The more we practise remembering, the easier it is to do and the longer we can recall the information for. The less we do it, the more we forget. The effect of retrieval practice is stronger than re-reading or being told the same information repeatedly.
There are many forms of retrieval practice, depending on the material in hand. It can simply be mental rehearsal of factual knowledge, mental elaboration (where you explore connections between ideas) or practical drills and rehearsals that make the retrieval process more automatic
Interleaving
Interleaving involves implementing a schedule of practice that mixes different kinds of problems, or a schedule of study that mixes different kinds of material, within a single study session. It can also involve mixing, or interleaving, multiple subjects of topics, as opposed to blocked practice, which typically involves studying one topic very thoroughly before moving to another topic
Spaced Learning
Spaced learning is applying the principle that information is more easily learnt when it is repeated multiple times, with time passing between the repetitions.
Dual Coding
The principle of dual coding, as first put forth by Allan Paivio in 1971, states that our brains can process information from two channels at the same time. We can take in things that we hear and read on one channel (the written word is processed like sound by our brain), and things that we see on another.
One definition is: “The process of combining verbal materials with visual materials. There are many ways to visually represent material, such as with infographics, timelines, cartoon strips, diagrams, and graphic organizers. When you have the same information in two formats – words and visuals – it gives you two ways of remembering the information later on. Combining these visuals with words is an effective way to study.” www.learningscientists.org.

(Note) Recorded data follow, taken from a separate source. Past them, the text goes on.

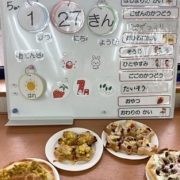 「タマネギはどこかな?」、「ひき肉はどれかな?」など、職員の言葉を聞きながら、がんばって食材を見つけてくれましたよ😊
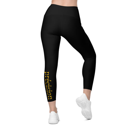 Legging Taille Haute, Coupe Croisée & Poches - écrit OR
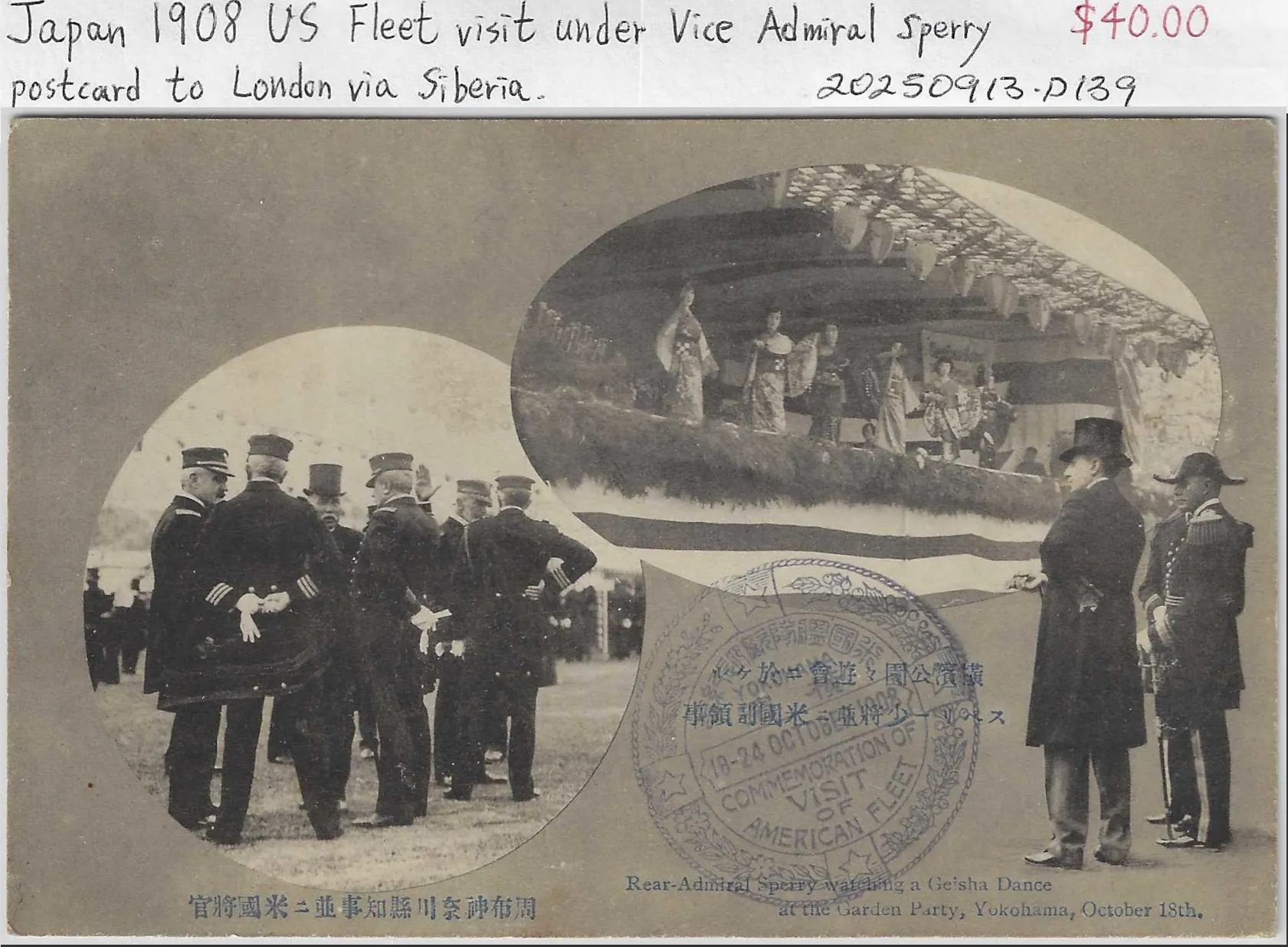 Visit under Vice Admiral Sperry Post Card to London via Siberia

oncrete and Abstract Thinking
One decision teachers face is when to present new knowledge in concrete terms e.g. hands on experience, when to present it in abstract terms, and when to combine these approaches.
Research shows that presenting knowledge in both concrete and abstract terms is far more powerful than doing either one in isolation (Pashler et al., 2007). This is particularly true in math and science classrooms.

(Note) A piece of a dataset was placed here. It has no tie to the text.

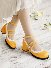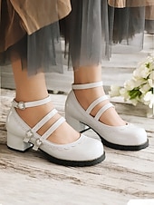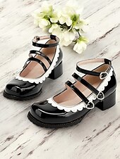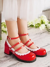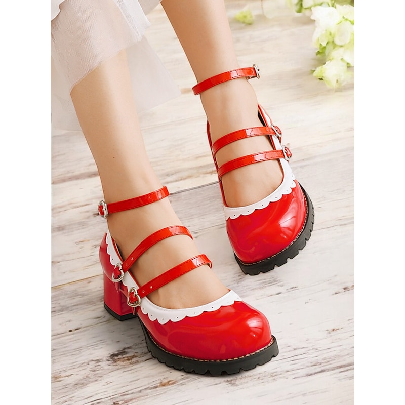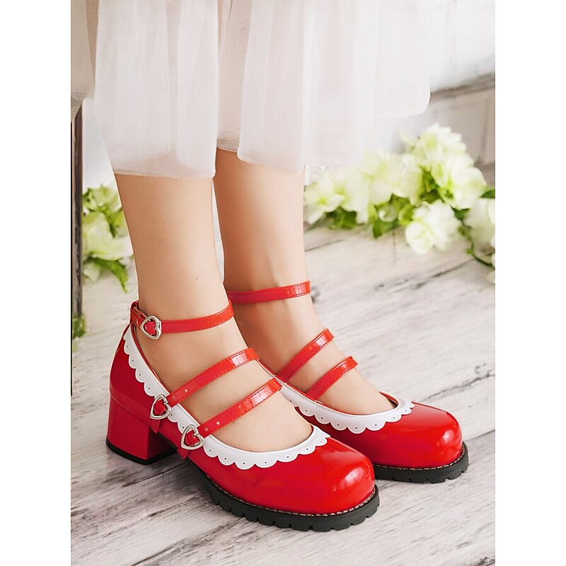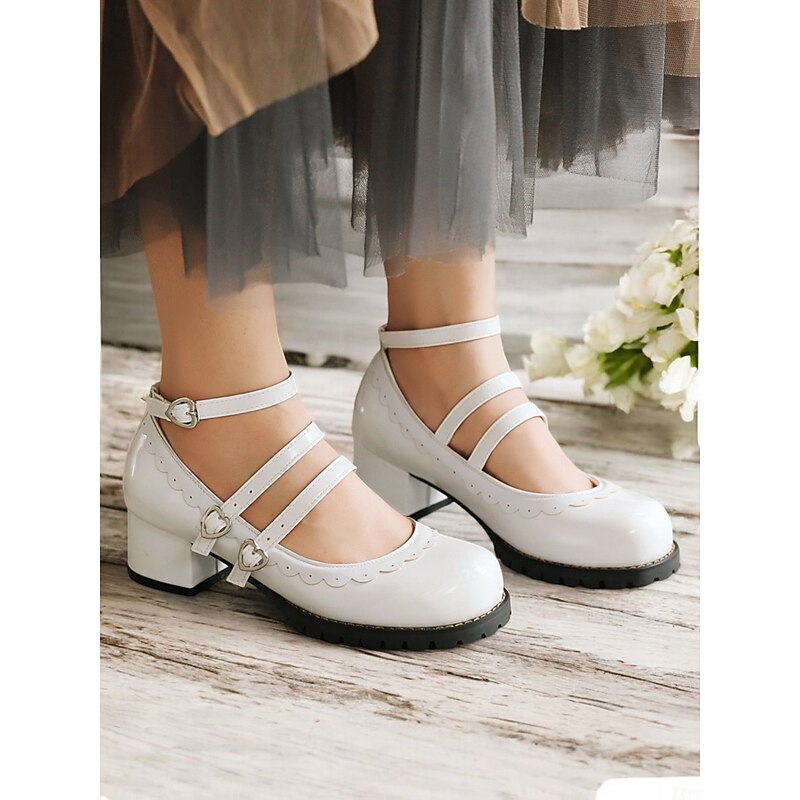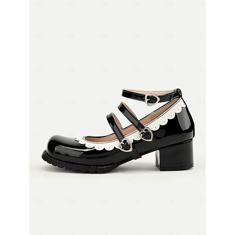 Featuring adorable heart-shaped buckles and double instep straps, these shoes offer an elegant yet playful look. The ankle strap ensures a secure fit while highlighting the shoe's retro styling. The chic Mary Jane silhouette paired with a low block heel lends a touch of sophistication suited for vintage or cosplay outfits.

For example, a 2003 study showed the benefits of initially presenting concepts in a concrete fashion and then, over time, augmenting that initial presentation with progressively more abstract representations of the concepts—a method known as concreteness fading (Goldstone & Sakamoto, 2003).
To transfer knowledge learned from a concrete example to an abstraction, students need appropriate guidance. For example, in a 2002 study by Ainsworth, Bibby, and Wood, two groups of elementary students who learned about the mathematical process of estimation using pictures showed better understanding of estimation than did students who had never been exposed to the graphic representations. The researchers concluded that the introduction of concrete visual aids helped the students learn deeply about estimation.